The building covers two city blocks and was completed in 1915 in time for the Panama-Pacific International Exposition.
Telamones by Henri Crenier support the west entrance, while Doric columns and colonnades along the porticoes, façades, and dome reinforce the structure and theme of this magnificent building.
The 1989 Loma Prieta quake twisted the dome four feet and caused considerable damage elsewhere, forcing a retrofit that has the restored structure floating, like interconnected North Sea oil rigs, atop 600 base isolators planted beneath the foundation to dissipate periodic ripples of the earth.
From the east front, one wanders toward the majestic Main Library and Asian Art Museum, across the impressive grandeur of Civic Center Plaza.
The iconic grand staircase leads to the second floor Mayors Balcony, flanked by statues of the assassinated mayor George Moscone and his successor Dianne Feinstein.
As I approached my appointed post, surveyed the scene over which I’d preside, contemplated the play I was about to direct, and recalled the lines I’d need to recite, the plot suddenly seemed not so much to thicken as to congeal.
The sage Stockdale again sprang to mind…“Who am I? Why am I here?”
I have long struggled with the first question…but the second is easy.

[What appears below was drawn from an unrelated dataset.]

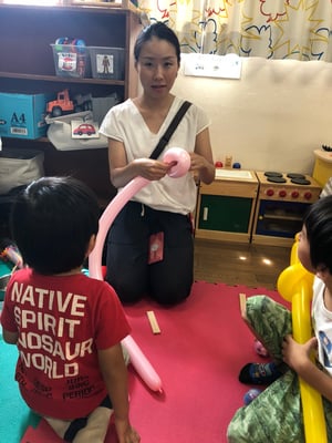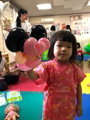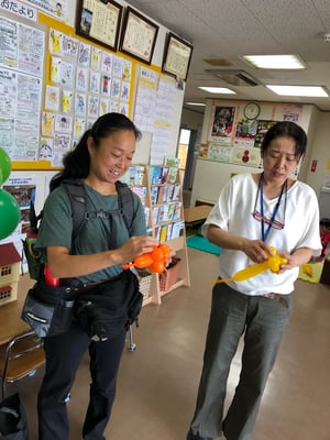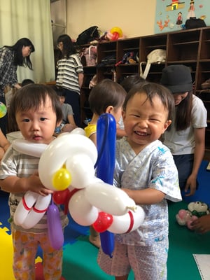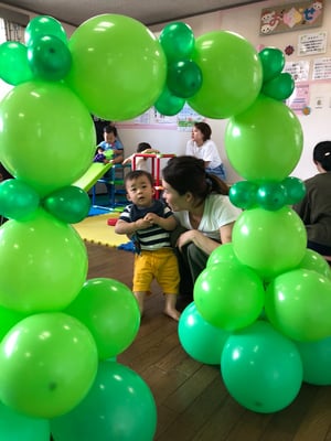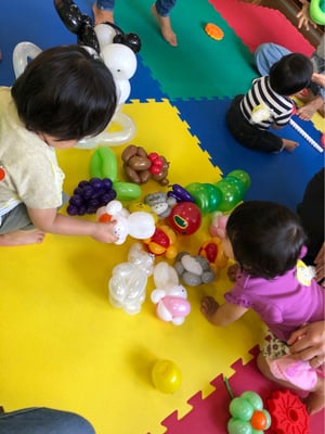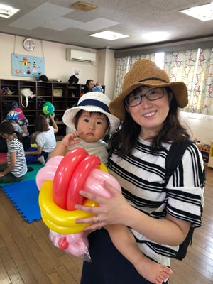 バルーンは、しぼくち利用者さんのママお二人と、そのお二人が師匠と呼ぶUさんと3人が、お子様おひとりにつき1つのバルーンアートをプレゼントしてくださいました。

I was there to bring the wedding off with only one hitch, and in that regard the ceremony was a success. Vows were exchanged, dignity was retained, and the happy groom kissed his beautiful bride.
Brett and Jennifer followed in the matrimonial footsteps of Joe DiMaggio and Marilyn Monroe by exchanging rings under this dome.
The Yankee Clipper and Norma Jean followed their ceremony with photos taken outside our old North Beach parish church at SS Peter and Paul, giving rise to the understandable misperception that they were married there. Actually, DiMaggio was married there…just at an earlier time and to another woman.
Brett and Jennifer avoided the Paparazzi, and accommodated the instincts of four dozen grateful guests, by immediately shifting their scene to their Marina District reception.
Evoking a liberating fin de siècle salon for Victorian free-thinkers, The Dorian was a perfect venue for this easy-going group that wanted only to celebrate an occasion and enjoy each other’s company.
By the end of a wonderful day and convivial evening, we all knew who we were, and why we were there.